Pre the 2022 price hikes, 94 per cent of Aboriginal children had an inadequate daily intake of fruit and vegetables and food cost 50 per cent more in remote areas.

Up to 60 per cent of remote Aboriginal children have poor nutrition and anaemia, leading to one of the highest rates of ear disease in the world. The proliferation of type 2 diabetes and kidney disease in these communities is itself a pandemic, with many needing their own dialysis machine. It’s a cruel and painful, but wholly preventable, disease that kills, maims and separates families.

The recent price hikes and food shortages have amplified these existing problems.

Aboriginal people in remote communities face terrible choices every day, paying up to $17 for a bag of mixed lettuce (we pay $3 for a similar bag in Perth) and eating highly processed and unhealthy cheap food because that’s all they can afford.

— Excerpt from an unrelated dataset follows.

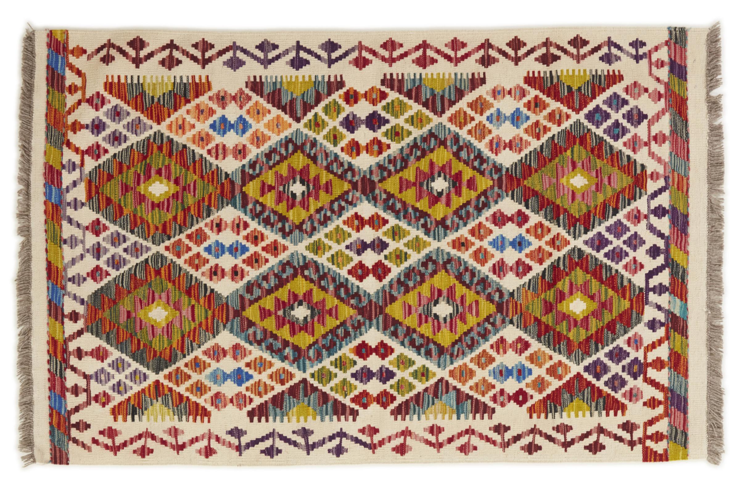 Denne håndvævede afghanske kelim er smuk takket være dens mangefacetterede farver og typiske mønster. Det er vævet i hånden i Afghanistan af 100 % fåreuld. Det er derfor uden tvivl mere robust og holdbart end maskinproducerede tæpper. Denne kelim har også sin helt egen karakter. Et unikt stykke til dig og dit hjem, som du ikke finder igen på præcis samme måde.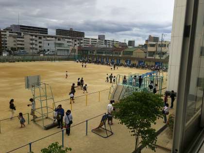 土曜授業の3時間目は、台風接近を想定して、子どもたちを保護者に引き渡す訓練を実施しました。

That’s why since 2005 EON Foundation has been partnering with remote Aboriginal communities and schools across WA and the Northern Territory to grow vegetables, fruit and bush tucker to help families help themselves improve their nutrition and health.

Since COVID-19 lockdowns and subsequent cost increases, the communities we partner with are becoming increasingly concerned and asking for garden supplies more often. They want us to extend the size of the edible gardens in their communities so they have enough to eat. Hungry children often pick food from the garden on their way to school classrooms.

EON Foundation has contributed in good faith to many government inquiries on food insecurity and high prices in remote communities, with a plethora of recommendations, but we have seen very little action.

Caroline de Mori, founder and director of not-for-profit organisation EON Foundation.
Camera IconCaroline de Mori, founder and director of not-for-profit organisation EON Foundation. Credit: Supplied/Caroline de Mori/TheWest

The cost to all Australians of treating the poor health and disease caused by food insecurity is much higher than that of proactive and proven initiatives such as our Thriving Communities program.

Running successful programs in regional and remote communities and what the people in those communities know works for them is generally out-of-sight and out-of-mind for decision-makers.

Our work has always been designed, tailored and implemented in genuine partnership with community members who want the tools and power to make changes in their daily lives. They know they are dying way too young.

We have been successfully implementing our much-loved and welcomed solution across remote communities for the past 16 years.

Our long-term partnership of growing, harvesting, cooking, teaching, training and most importantly eating fresh food is a grassroots, early intervention program that is tailored to community life.

With our guidance, the communities produce a free and sustainable source of fresh food and we teach everyone from pre-schoolers to elders the link between better nutrition and better health, with the tools and fresh food to actually implement it.

Independent evaluation shows our program increases school attendance, builds confidence and skills, feeds hungry people with nutritious food, creates jobs, enhances school curriculums, improves student behaviour and creates purpose.

We can literally change the course of a child’s life by giving them the nutrition they need to be well, develop, succeed at school, engage in training and education, undertake meaningful employment and become strong family members and leaders.

Surely, that’s the very least they deserve, and if we’re going to close the gap it’s imperative.